── COLLECTED MATERIAL ──

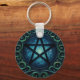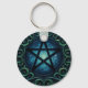 Dieser skurrile Schlüsselanhänger ist mit einem schwarzen Pentagramm umgeben von grünlich blauen kosmischen Himmeln, die als Ölfarbe gedruckt wurden.
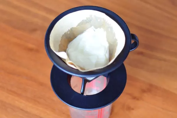 ヨーグルトは水切りヨーグルトにして水分量を減らします。私はコーヒーフィルターを使って水切りを。これにごまを混ぜてから、ひじきの煮物を合わせます。
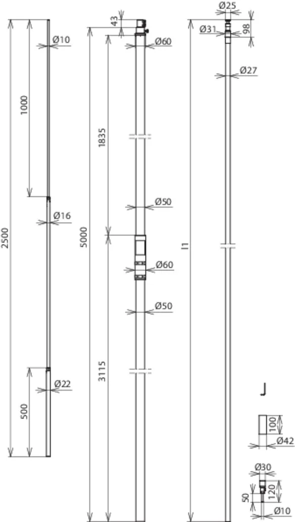 Max. free length with air-termination rod (wall mounting): 5000 mm
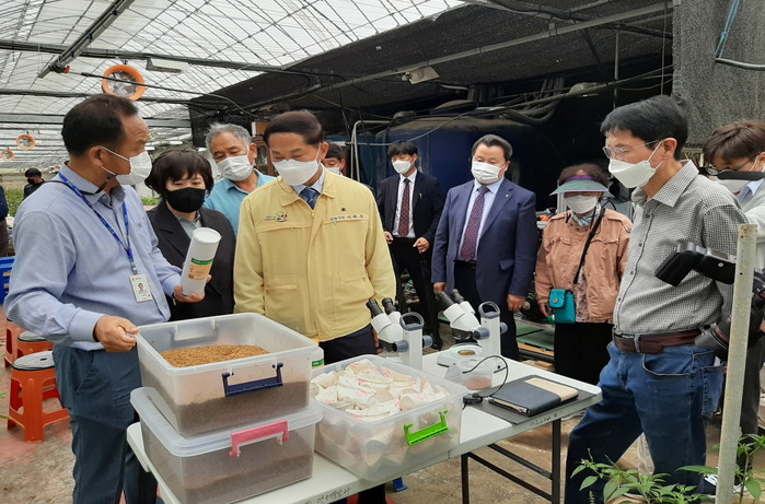 평가회에서는 농업기술센터에서 보급한 ‘뿌리이리응애’(총채벌레 번데기 천적)를 활용한 총채벌레의 방제 효과와 시에서 육성한 장미품종에 대한 품평이 진행됐다.

───

- _GOAL OF THE EXERCISE_: Only the lines from the one containing "Max. free length" through the last line of the material should be returned, exactly and without pictures.

- _OUTPUT OF THE TASK_:
 Max. free length with air-termination rod (wall mounting): 5000 mm
 평가회에서는 농업기술센터에서 보급한 ‘뿌리이리응애’(총채벌레 번데기 천적)를 활용한 총채벌레의 방제 효과와 시에서 육성한 장미품종에 대한 품평이 진행됐다.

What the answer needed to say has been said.